The first-generation Ford Mustang is the original pony car, manufactured by Ford Motor Company from 1964 until 1973.

It was initially introduced as a hardtop and convertible with the fastback version put on sale the following year. At the time of its introduction, the Mustang, sharing its underpinnings with the Falcon, was slotted into a compact car segment.

With each revision, the Mustang saw an increase in overall dimensions and in engine power. After an initial surge, sales were steadily declining and Ford began working on a new generation Mustang. With the onset of the 1973 oil crisis, Ford was prepared, having already designed the smaller Mustang II for the 1974 model year. This new car had no common components with preceding models.

For more information and pictures of the real car please visit: Ford Mustang

I'm surprised by just how many scrapes and dings this car has.  I purchased it specifically for gravity racing (one of the better choices but there are faster cars out there).  It hasn't seen nearly enough track time to be this scuffed up.  I'm almost wondering if it got sent down the banger track a few times at some point.

The Mustang became larger and heavier with each revision, culminating with the 1971 to 1973 models designed under the supervision of Ford's new product design manager, Semon "Bunkie" Knudsen, originally of General Motors. Introduced in September 1970 Mustang MY 1971 saw the last high-performance big-block Mustang, 375 hp (280 kW) 429 Super Cobra Jet. The body style designed for the purpose of big-block installation versions was limited to a maximum of 351 cu in (5.8 L) in 1972 and 1973 due to stricter U.S. emission control regulation, as well as the low demand for big block muscle cars because of high insurance premiums. Two more high-performance engines were introduced in 1972; the 351 "HO" and the 351 Cobra Jet. Both versions were high performers for their era, but nowhere near the level of the Boss cars and original Cobra Jet. Automakers in the U.S. switched from "gross" to "net" power and torque ratings in 1972, which coincided with the introduction of low-compression engines with different, far more restrictive induction systems. Thus, it is difficult to compare power and torque ratings.

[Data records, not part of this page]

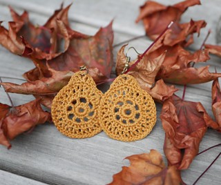 These beautiful golden yellow earrings remind me of ripe pears and the bountiful season of Autumn. The pattern calls for single, half double, double, and treble crochet stitches. Each step of the design includes a helpful photo, so it’s easy to double check that you’re on the right track as your project progresses.
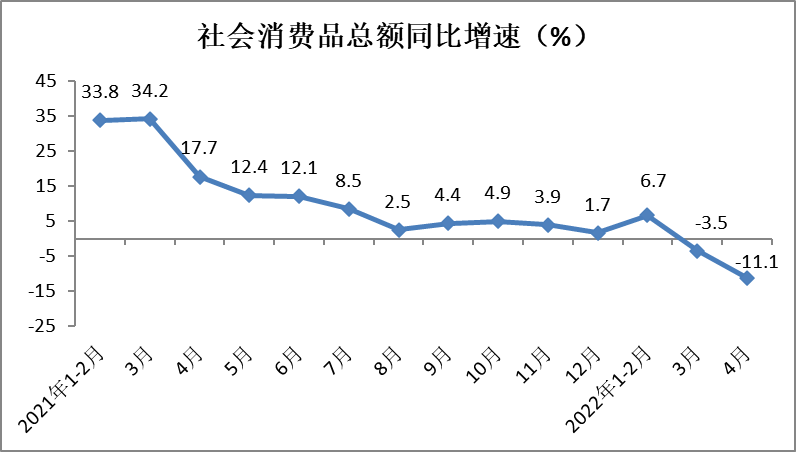 1-4月份,社会消费品零售总额实现138142亿元,同比下降0.2%,增速较一季度下降3.5个百分点。其中,4月份社会消费品零售总额同比下降11.1%,是自2020年4月份以来的最低增速。4月份社会消费品零售总额实现29483亿元,较2019年4月份缩小1103亿元,市场规模低于疫情前水平。
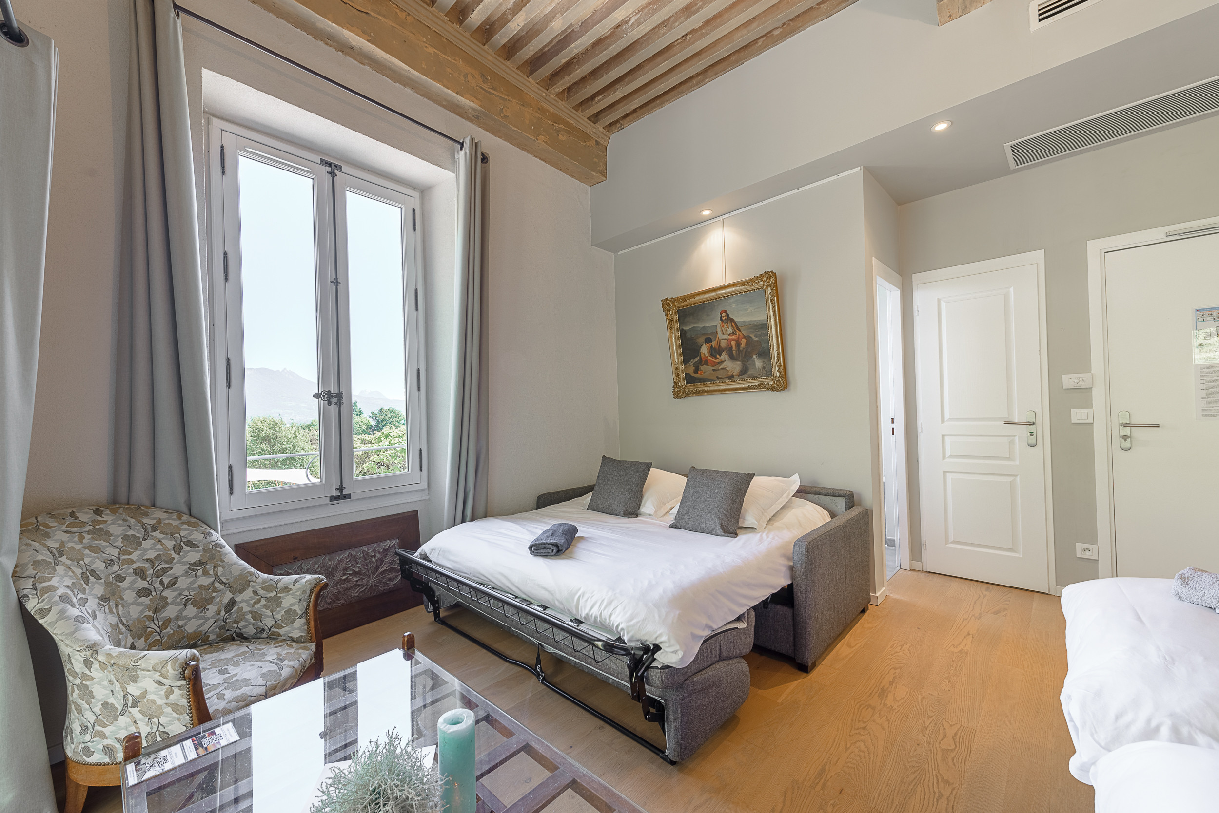 - Semnoz Room: 2 single beds twinnable (90x200), Double sofa bed (160x200), shower room with WC

As before there were three body styles; hardtop, sportsroof and convertible. On hardtops there was 'Grande' trim offered, it was meant as a luxury version. Sportsroof models were performance oriented, as it was only body version with 'Mach 1' option available, which was distinguishable by decals, hood with scoops (nonfunctional in most models), color keyed; side mirrors, strip on the edge of the front fenders and hood, urethane front bumper and grille with 'sportlights'. Cars equipped with 'Boss' engine had appearance of Mach 1 package, excluding front bumper, which was chrome. Convertible was equipped with a power top, a glass rear window, and tinted windshield standard. It was last Mustang available as a convertible until 1983.

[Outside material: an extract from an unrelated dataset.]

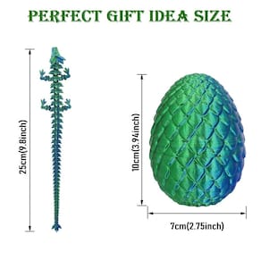 Dragão impresso em 3D, ovos de dragão com dragão dentro, dragão de cristal, dragão articulado impresso em 3D, novo dragão de cristal totalmente articulado com ovo de dragão, presentes de Páscoa - 🐉 Dragão impresso em 3D: descubra a magia interior, crie um dragão de cristal mágico com nosso ovo impresso em 3D de 3,94"! Experimente a emoção de revelar o mistério escondido por dentro. - 🐉 Design realista, sensação autêntica: os detalhes intrincados do ovo de dragão e do dragão impresso em 3D proporcionam uma experiência autêntica para colecionadores e entusiastas. Com dobradiças robustas conectando a cabeça, o tronco, os membros e os pés, você pode posicionar o dragão em várias posições para obter a máxima flexibilidade de exibição. - 🐉 Horas de diversão sem fim: este não é apenas um ovo de dragão visualmente deslumbrante, é também uma fonte de entretenimento sem fim! Passe horas interagindo com seu dragão 3D, girando-o, girando-o e posicionando-o de maneiras diferentes. Seja voando pelo ar ou empoleirado majestosamente em uma prateleira, as possibilidades são realmente infinitas. - 🐉 Material de PLA seguro e ecológico: tenha certeza de que nosso dragão impresso em 3D é feito de PLA, um material que é seguro para alimentos e ecológico. É perfeito para exibição em sua casa ou escritório, combinando segurança com estilo. - 🐉 Estatueta de dragão aprimorada com gemas: nossa estatueta de dragão chinês personifica o espírito de um brinquedo criativo e moderno, oferecendo um toque refrescante aos itens colecionáveis tradicionais. Também serve como um presente único e significativo para seus entes queridos, transmitindo suas bênçãos e carinho de uma forma verdadeiramente especial. Surpreenda e encante seus amigos e familiares com este presente único.
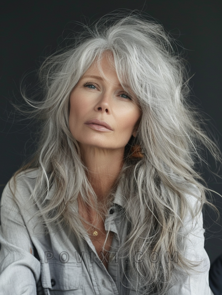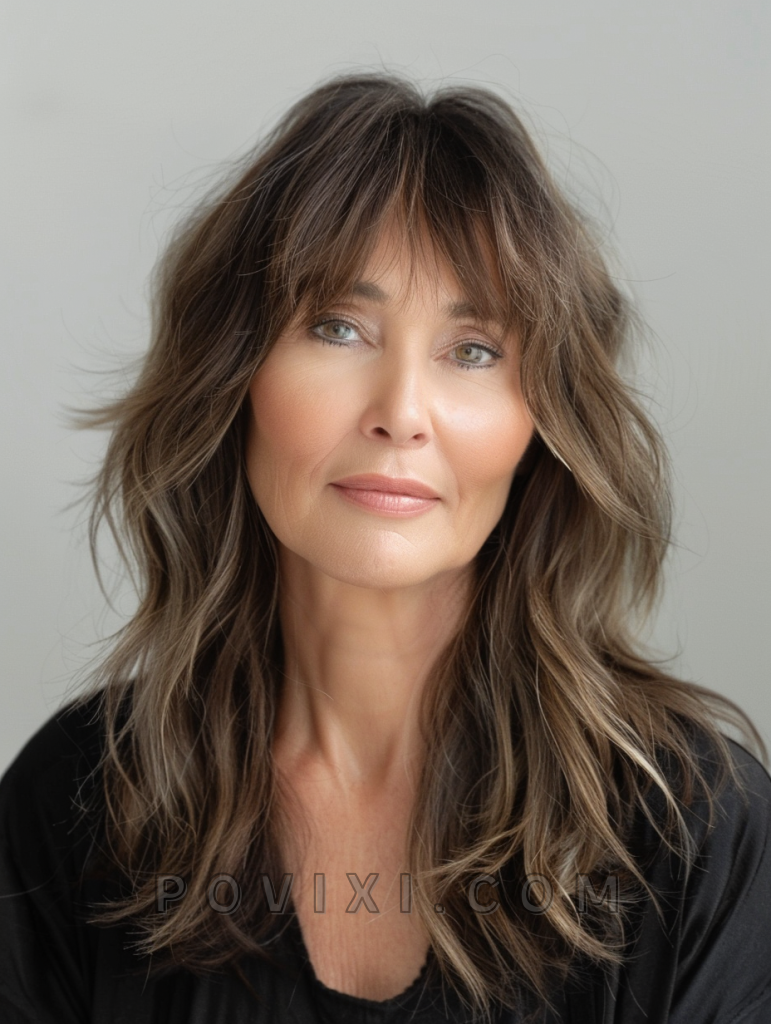 The shag with textured bangs is a trendy and stylish choice that adds a modern twist to the classic shag. This style features long, layered hair with textured bangs that create a dynamic and edgy look. It’s perfect for older women with fine hair or thinning hair, as the textured bangs add volume and interest. This hairstyle suits almost any face shape and highlights natural hair color beautifully. It’s ideal for both everyday wear and special occasions.

There were no significant changes in appearance during 1971–1973 model years, 1973 however brought some mild restyling. Front bumpers in 'Base' and 'Grande' and Urethane in 'Mach 1' were all replaced by new Urethane one of new design to comply with new regulations. Thus turn signals were moved from underneath it to inside of the grille next to the headlights. Because of those changes horizontal grille 'sportlights' seen in 1971–1972 'Mach 1' were discontinued as new vertical blinkers took they place. New rear bumpers were introduced too. Also in 1973 new design of decals for the 'Mach 1' has been introduced, 'hockey stick' side stripes of 1971–1972 were still available on the 'Exterior Decor Group'. Magnum 500 wheels has been discontinued for 1973 and replaced with forged aluminum wheels.
1971–1973 Mach 1 has become famous thanks to the appearances in the films Diamonds Are Forever (1971) and Gone in 60 Seconds (1974).

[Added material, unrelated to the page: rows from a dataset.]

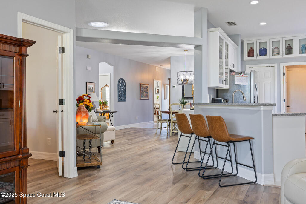 Extensively updated 4-bedroom lakefront home in the highly sought-after Indigo Crossing community of Viera. Major improvements include a 2024 roof with solar tubes, luxury vinyl flooring, fresh interior paint, remodeled baths, and 5'' baseboards. The raised and enclosed Florida room adds valuable living space with impact rated windows and its own AC unit (2023). The kitchen features 42'' shaker cabinets, stainless appliances, expanded lighting, a walk-in pantry, and extra cabinetry for storage. The primary suite offers a beautifully renovated bath and expanded closet. Additional updates include a 2022 water heater, storm door, custom sunroom shade, gutters, and a termite bond (2023). Enjoy a calm lake view in a community offering a pool, park, basketball court, and playground--all within a walk or bike ride or golf cart ride to Viera schools, shopping, and dining.
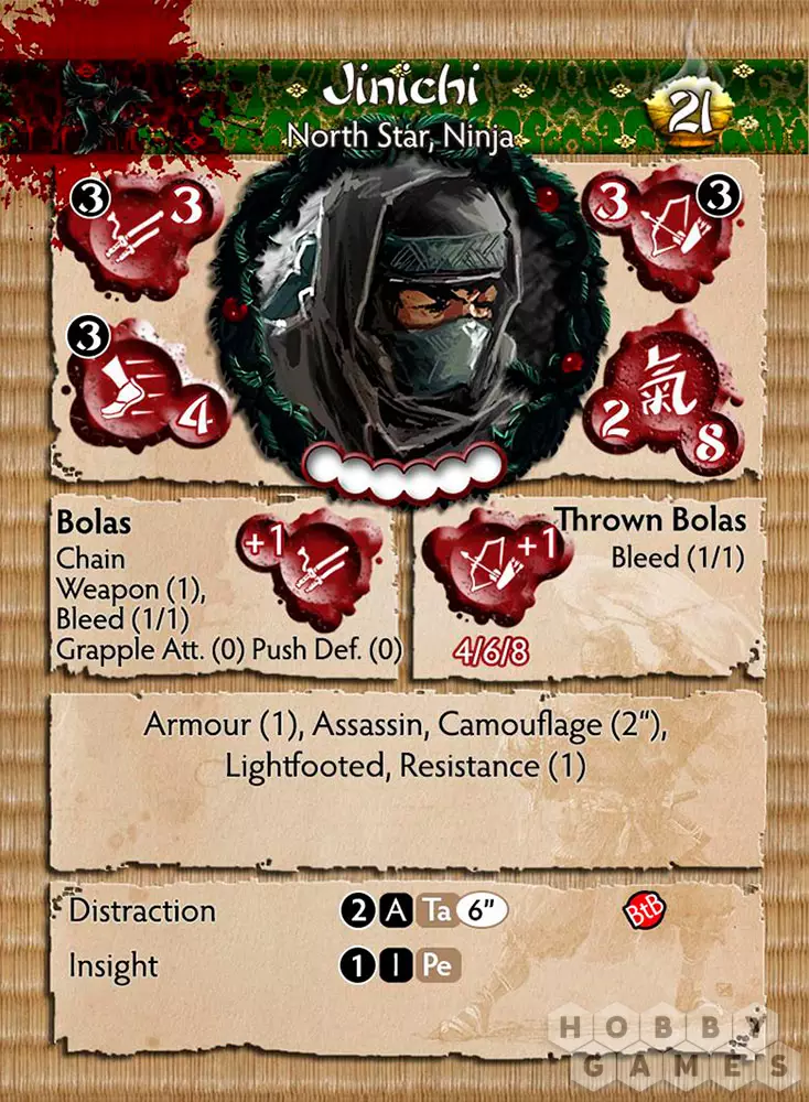 Jinichi – ценный боец North Star, который привносит несколько иной подход в то, на чём специализируются эта организация. Он в совершенстве овладел замысловатым оружием, представляющим собой уникальную комбинацию клинка и цепи. Жужжащий звук, издаваемый им при вращении, часто является последним, что слышат враги Jinichi перед смертью. Такое оружие может достаточно быстро оказаться между самураем и его мечом, тем самым пробивая брешь в его защите и оставляя его открытым для атаки. Лезвия предназначены для того, чтобы резать и отрывать плоть от костей, в то время как цепь может обездвижить руки или ноги неосторожного противника. Jinichi также не понаслышке знаком с запасами смертоносных ядов своего клана, ими он и смазывает свои клинки. Jinichi – смертоносная машина для убийств, склонная к тактике и террору.
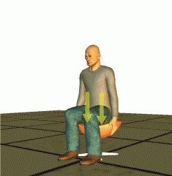 座っているときに坐骨結節にかかっている重さは、前傾すると両足にかかるようになります。

For 1972 Ford prepared special model called 'Sprint' it was meant to commemorate USA participation in 1972 Olympic Games. It consisted of special decals, color keyed front bumper, mirrors and grille taken from Mach 1. Performance suspension and wheels were also available.

There was no Shelby version of 1971–1973 Mustangs, save for the 'Shelby de Mexico GT-351', by Mexican dealer and very limited edition 'Shelby Europa', sold in Europe by private importer request to Shelby Motors.